Re:Simple multiply and divide

Richard wrote:
Quote
WriteEEP(5,i,FloatData.byte.byte1); i++;
You don't show 'i', but that looks suspect.
Would expect to see
In fact, 13.5 is 0,0,88,65, so you are off by one (the i+1)

Re:Simple multiply and divide

Again, up all night and missed the obvious. That's okay.
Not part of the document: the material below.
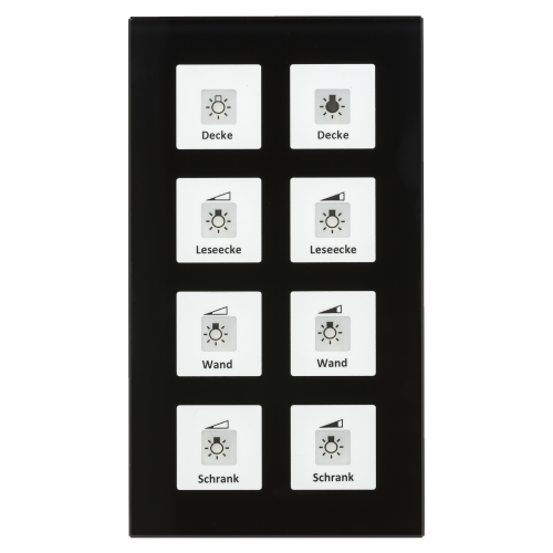 Сенсорный выключатель KNX/EIB 4х канальный (8 сенсорных зон), встроенный интерфейс KNX (BCU), двухцветная LED индикация, фоновая подсветка, 92 x 163 мм, стекло, цвет черный.

I learned a few
things on Struct, Anonymous Unions, and using pointers to typecast.
"Bob Gonder" < XXXX@XXXXX.COM >wrote in message
Quote
Would expect to see

Re:Simple multiply and divide

Try this:
#include <iostream>
#include <iomanip>
using namespace std;
int main(void)
{
float MyWord;
float MyFloat = 12.345;
MyWord = MyFloat * 1000;
cout << setprecision(6) << MyWord << endl;
}
Hope this helps.
Richard wrote:
Quote

I'm having some difficulty when I multiply numbers.

WORD MyWord;
float MyFloat;

Lets say float is 12.345, I want to multiply it by 1000 so I can retain
everything right of the decimal.
i.e. 12.345 * 1000 would be 12345

MyWord = MyFloat * 1000;
MyWord is now 12000 instead of 12345;

So I figure I forgot the float on the multiplier and tried that.
MyWord = MyFloat * 1000.0;
MyWord is still 12000 instead of 12.345

What is going on and why?
TIA, Richard

Re:Simple multiply and divide

"Richard" < XXXX@XXXXX.COM >writes:
Quote
I have to take a float, break it down into 4 bytes, then store it.
I have to read it the same way, read 4 bytes and assemble it.
[snip]
Quote
Would it be better to just assign the float to an array then extract each
byte? I'm not sure how to do that, unions maybe? What is the Easiest,
cleanest way? Never used a union before.

union convert_float {
char byte;
uint upper_word;
uint lower_word;
double my_double;
float my_float;
} Convert;
Writing to one member of a union and then reading another causes the
program to have undefined behavior, so this is a no go.
Using a modern C++ compiler, I'd use the reinterpret_cast operator,
e.g.:
reinterpret_cast<unsigned char *>(&my_float)
, or go via void *:
static_cast<unsigned char *>(static_cast<void *>(&my_float))
You'll have to find out about the support of your version of Borlan
C++ for the cast operators.